Another Kerikeri kiwi has been killed by dogs, ironically during Save Kiwi Month and just after the announcement of a government plan to boost kiwi numbers to 100,000 by the year 2030.
Peter Nash was checking his paddocks on Puketotara Rd on Saturday when he was "absolutely gutted" to discover a dead kiwi. He took it to a Department of Conservation ranger who confirmed it had been killed by dog bites to the head and rear, and identified it as a juvenile male.
Mr Nash believed the dead kiwi was one of two pairs that lived on his property and which he heard calling almost every night.
Coincidentally - or possibly not - the killing occurred around the same time as stray dogs appeared on his property for the first time in the 10 years he had lived there.
"I'd always hoped one day to hold a kiwi and be up close, but I never thought I'd hold a dead one. It still makes me feel sick thinking about it."
Mr Nash said people needed to know that kiwi lived all around them in the Bay of Islands and that roaming dogs were their greatest threat.
Last winter at least eight kiwi were mauled to death by dogs in the Wharau Rd-Kerikeri Inlet Rd area.
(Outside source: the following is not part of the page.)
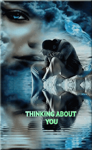 A man sits contemplatively on a rock in water, with an ethereal face in the background, expressing 'Thinking About You'.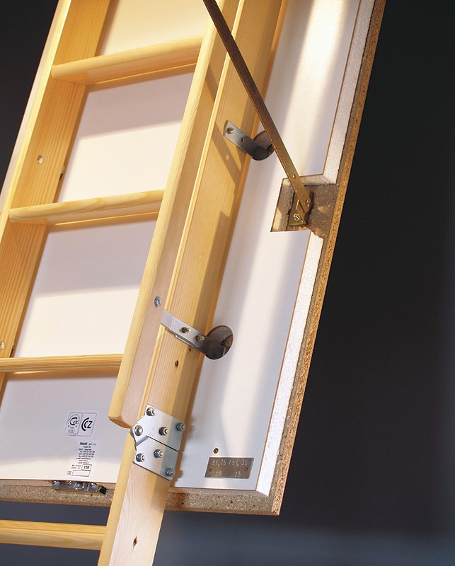 schody 15 min. dodávané včetně smrkových lemovacích lišt, včetně dřevěné stahovací tyče, ke které je připevněn návod na montáž

Three dogs were eventually identified as the culprits thanks in part to DNA testing of saliva found on the dead kiwi. Two were surrendered to council dog rangers and one was put down by its owner.
The two owners were fined $200 for failing to keep their animals under control.
The Wharau Rd maulings were the worst in the Mid-North since a single dog dumped in Waitangi Forest killed an estimated 500 kiwi in 1987.
Brad Windust, of conservation group Bay Bush Action, urged dog owners to keep their pets under control at all times, keep them out of kiwi areas, and put them through a kiwi aversion training course. Aversion training was not 100 per cent effective but worked well for some dogs. Even trained dogs should not be let loose in a kiwi zone, he said.
Earlier this month the Government announced its Kiwi Recovery Plan 2017-27, in which it aims to boost the number of kiwi living in the wild to 100,000 by the year 2030. To do that it will have to turn a 2 per cent annual decline in kiwi numbers into a 2 per cent increase.
Kiwi don't have a breast bone, which makes them particularly susceptible to a dog bite, even if the dog does not intend to cause harm.